- Location in Ulster County and the state of New York.
- Coordinates: 42°0′16″N 74°6′34″W﻿ / ﻿42.00444°N 74.10944°W
- Country: United States
- State: New York
- County: Ulster

Area
- • Total: 3.79 sq mi (9.81 km^{2})
- • Land: 3.79 sq mi (9.81 km^{2})
- • Water: 0 sq mi (0.00 km^{2})
- Elevation: 597 ft (182 m)

Population (2020)
- • Total: 1,917
- • Density: 506.2/sq mi (195.43/km^{2})
- Time zone: UTC-5 (Eastern (EST))
- • Summer (DST): UTC-4 (EDT)
- ZIP code: 12491
- Area code: 845
- FIPS code: 36-80291
- GNIS feature ID: 0969272

= West Hurley, New York =

West Hurley is a hamlet (and census-designated place) in Ulster County, New York, United States. The population was 1,917 at the 2020 census.

West Hurley is located in the Town of Hurley and is inside the Catskill Park. The community is northwest of Kingston on Route 28.

It was one of many villages that were flooded during the creation of the Ashokan Reservoir. The village was moved, and currently resides on the northern bank of the reservoir.

==Geography==
West Hurley is located at (42.004442, -74.109312).

According to the United States Census Bureau, the CDP has a total area of 3.8 sqmi, all land.

==Demographics==

As of the census of 2000, there were 2,105 people, 866 households, and 600 families residing in the CDP. The population density was 557.2 PD/sqmi. There were 954 housing units at an average density of 252.5 /sqmi. The racial makeup of the CDP was 94.54% White, 1.47% African American, 1.76% Asian, 0.10% Pacific Islander, 0.76% from other races, and 1.38% from two or more races. Hispanic or Latino of any race were 2.09% of the population.

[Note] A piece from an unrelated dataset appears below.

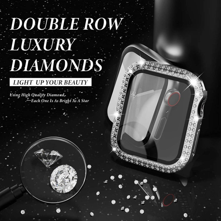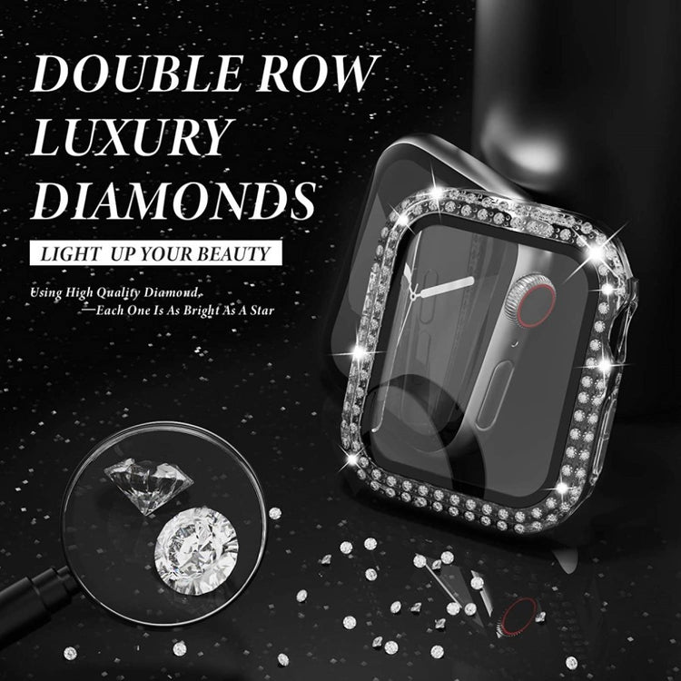Rhinestone dekorert klokkeveske med herdet glass skjermbeskytter for Apple Watch Series 4/5/6 44mm/SE 44mm/SE (2022) gir et stilfullt og delikat utseende. Presise utskjæringer sikrer ubegrenset bruk, samtidig som den gir full beskyttelse mot riper og kollisjoner. Enkel å installere og fjerne, den kombinerer stil med funksjonalitet.

There were 866 households, out of which 29.0% had children under the age of 18 living with them, 56.7% were married couples living together, 9.1% had a female householder with no husband present, and 30.7% were non-families. 25.3% of all households were made up of individuals, and 11.0% had someone living alone who was 65 years of age or older. The average household size was 2.40 and the average family size was 2.89.

In the CDP, the population was spread out, with 22.4% under the age of 18, 4.1% from 18 to 24, 21.0% from 25 to 44, 34.5% from 45 to 64, and 17.9% who were 65 years of age or older. The median age was 46 years. For every 100 females, there were 88.5 males. For every 100 females age 18 and over, there were 84.9 males.

The median income for a household in the CDP was $54,615, and the median income for a family was $66,250. Males had a median income of $50,114 versus $30,000 for females. The per capita income for the CDP was $27,992. About 4.7% of families and 6.5% of the population were below the poverty line, including 10.6% of those under age 18 and 5.6% of those age 65 or over.

Historical population
| Census | Pop. | Note | %± |
| 2000 | 2,105 |  | — |
| 2010 | 1,939 |  | −7.9% |
| 2020 | 1,917 |  | −1.1% |
U.S. Decennial Census

==Education==
The school district is Onteora Central School District.